Sunday, January 06, 2008

On A Sunday

01/06/2008 9:24 AM – 9:53 AM

And here then, we are where we set out to be. Odd. I didn’t think that this is where I intended. But here I am and I was moving with intent. The gray skies and leafless trees remind me of Addison which becomes more symbol and clump in the gut than actual place. I have no doubt that if I were flying over it in a helicopter at the height of summer the place would look made in dreams or Photoshop.

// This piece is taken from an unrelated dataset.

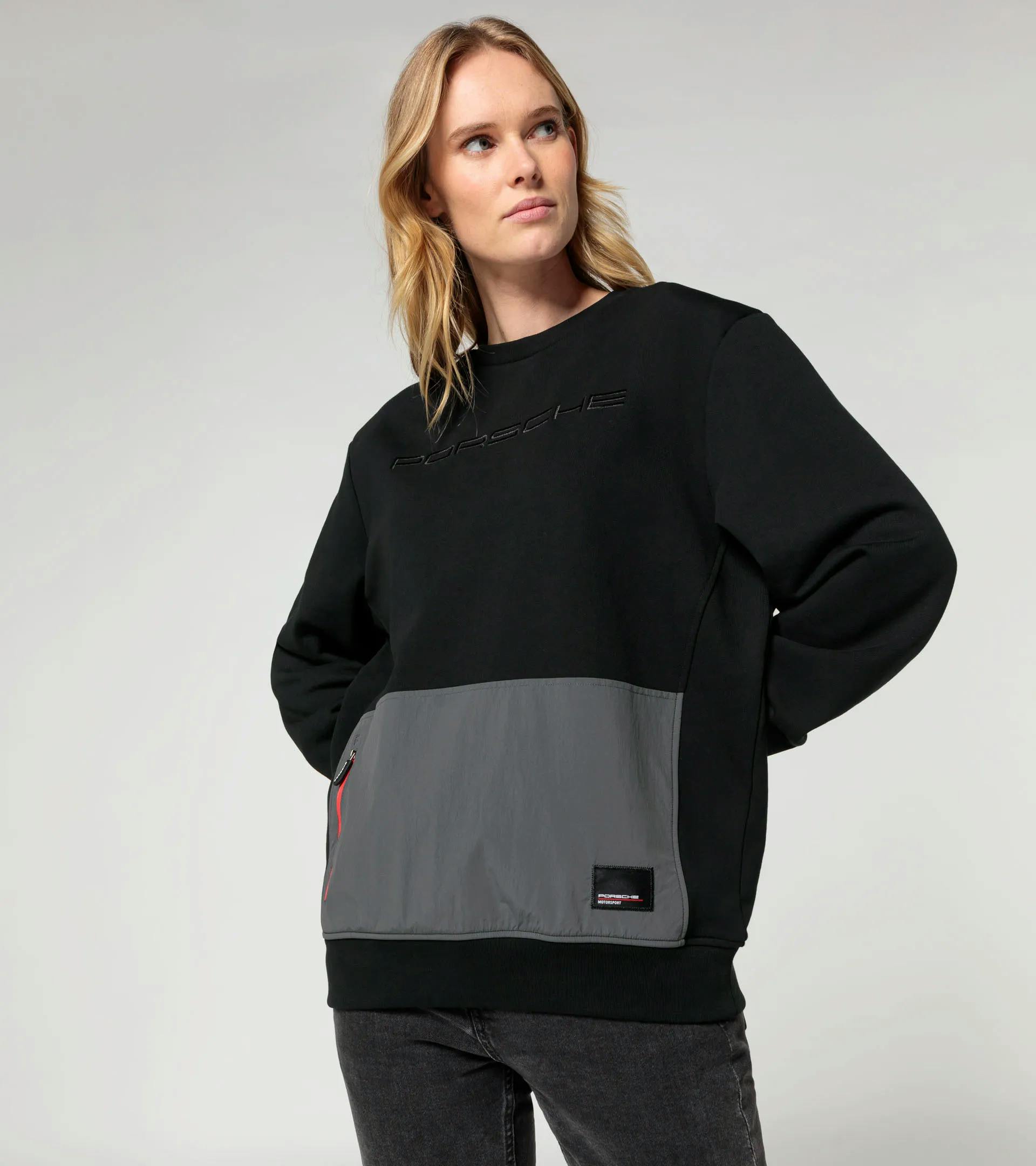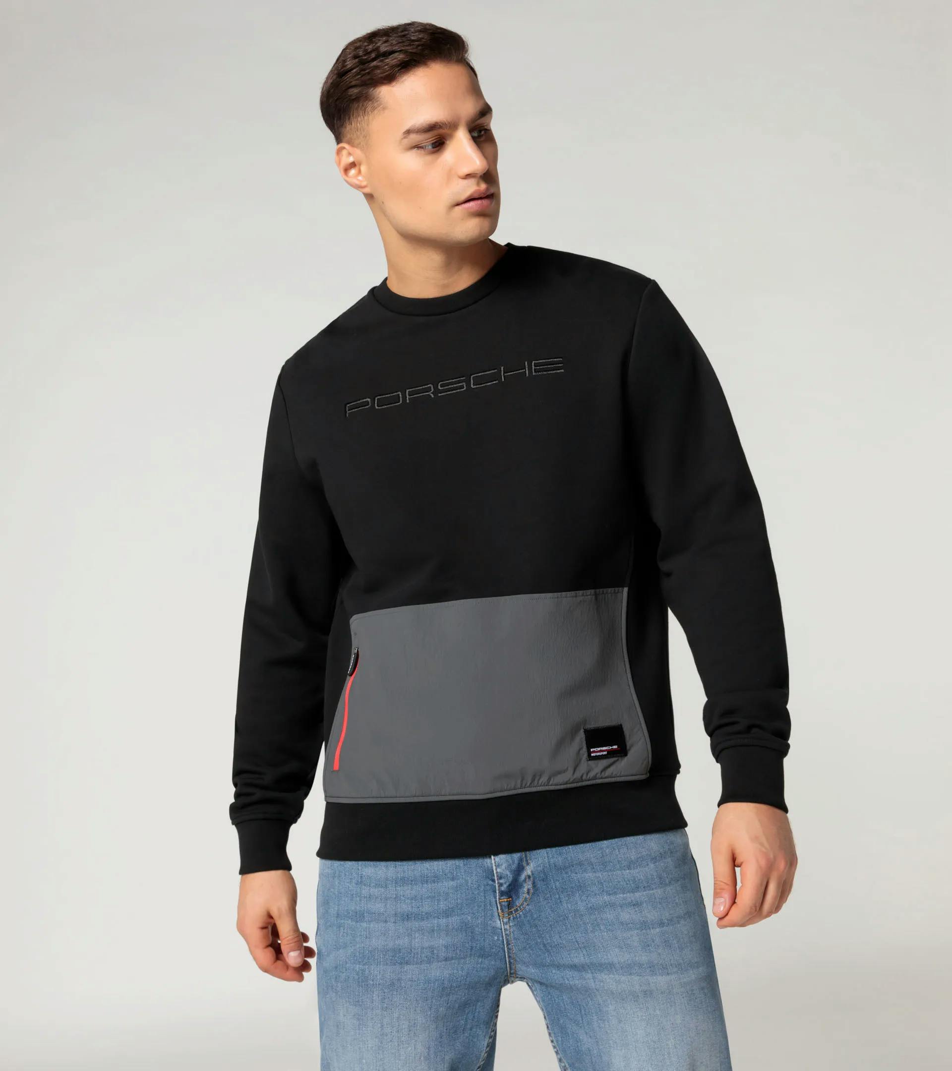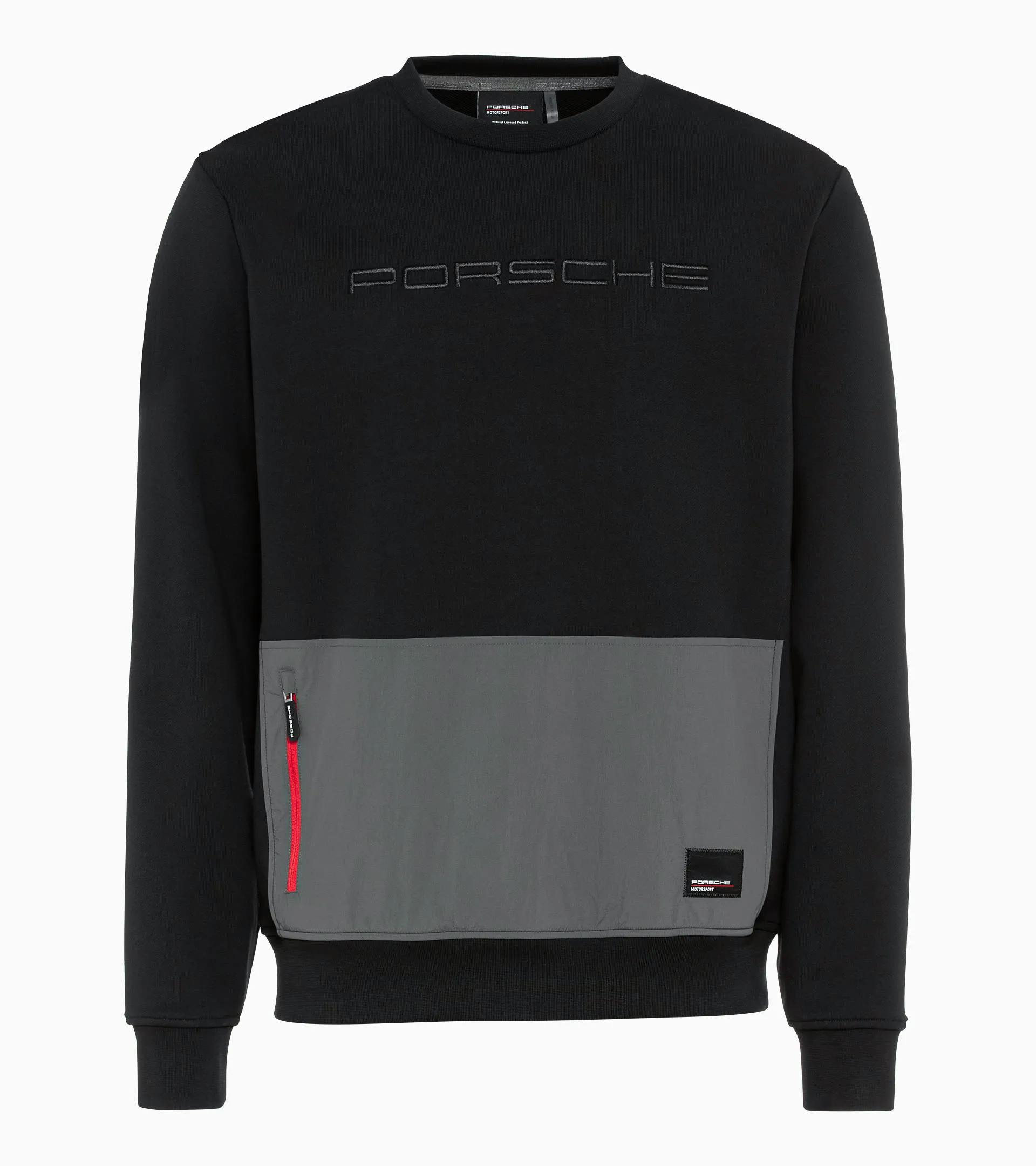 Racing spirit, stylish design and quality combined in a single collection – with Motorsport Fanwear. The pullover made from organic cotton and recycled nylon is the ideal solution for environmentally conscious Porsche fans on cooler days. With Porsche embroidery on the front and the Porsche Motorsport label on the lower front, the pullover is a real must-have for Porsche fans. A small zipped pocket offers space for a smartphone, etc. The branded zip pulls are a design detail that perfectly rounds off the look of the pullover.

Perhaps now I can write for its own sake, but, no, there is too much laziness in me for that. I can write to note that I was here at this place at this time, to prove that I was indeed alive and not a phantom conjured by my mind to give my life a sense of continuity. And so, dear Spike, on this date, at this time, you were indeed alive in Buffalo, NY under gray but not particularly morose skies. You woke up and read in your couch for an hour, considered going to church but didn’t, sat in your chair at your desk, decided that opera best suited your mood and then typed, distracted occasionally by the neon colors that the runners wore.

You thought a bit about death, but it didn’t really bother you, nor surprisingly, did it particularly weary you. It sat in your mind like a smooth pebble on a beach, one amongst many. Your thoughts are mostly of what you will do in the spring, when the lease is up and its time to move. There is a chance you’ll actually have enough saved up to go somewhere else. Mum’s vote is to move out of the city but stay in the area at your job. She has a point. Ben’s vote I’m not quite sure on, but he thinks you should at least hike the FLT. You probably should. But for how long, I’m not sure. And where, oh Spike, do you think you should go? Well, dear Spike, I’m sure I don’t know. I have had enough of city life to inform me for a long while yet, but country jobs are few and far between. It is a question with a slight tension but no real worry as yet. Perhaps there is enough tension for you to actually save money, but not enough to get worried and spend money on beautifully transient and unhealthy thing so as to forget that you’re worried. That would be nice. Somehow, one must find that place between fear and laziness where satisfaction resides. To be Falstaff but with whit to change course if the course needs changing. My. That was a pretty girl that ran by. I must get one of them someday. That then will be a thing to reside within for a summer or two. On with it then, thou dirty old man, there are books to be writ and houses to build and hours and hours of fine idleness to be thoroughly savored and forgot.

4 Comments:

Blogger trawlerman said...

Spike, I'm reading blogs for the first time in 6 months.

As far as moving, if you come down here, I promise you a piece of land to build a shack on and a job helping out on a dairy farm that pays shit, literally. You'll love it.

January 6, 2008 at 5:49:00 PM PST  
Blogger Spike said...

Heehee! Okay! Let's do that!

January 8, 2008 at 4:41:00 AM PST  
Blogger Armstid said...

I'd be up for that one...because hey, free shit

January 15, 2008 at 8:46:00 AM PST  
Blogger Spike said...

Oh... that's where the other comment went... looking at what I wrote, I consider now the possiblity that I came across as smarmy, when in fact, my intention was to foster the possibity that I would actually get shit. Let me assert now that if at all possible, I would like to live in a shack and get shit. Chicks dig that. Well, the cool ones do.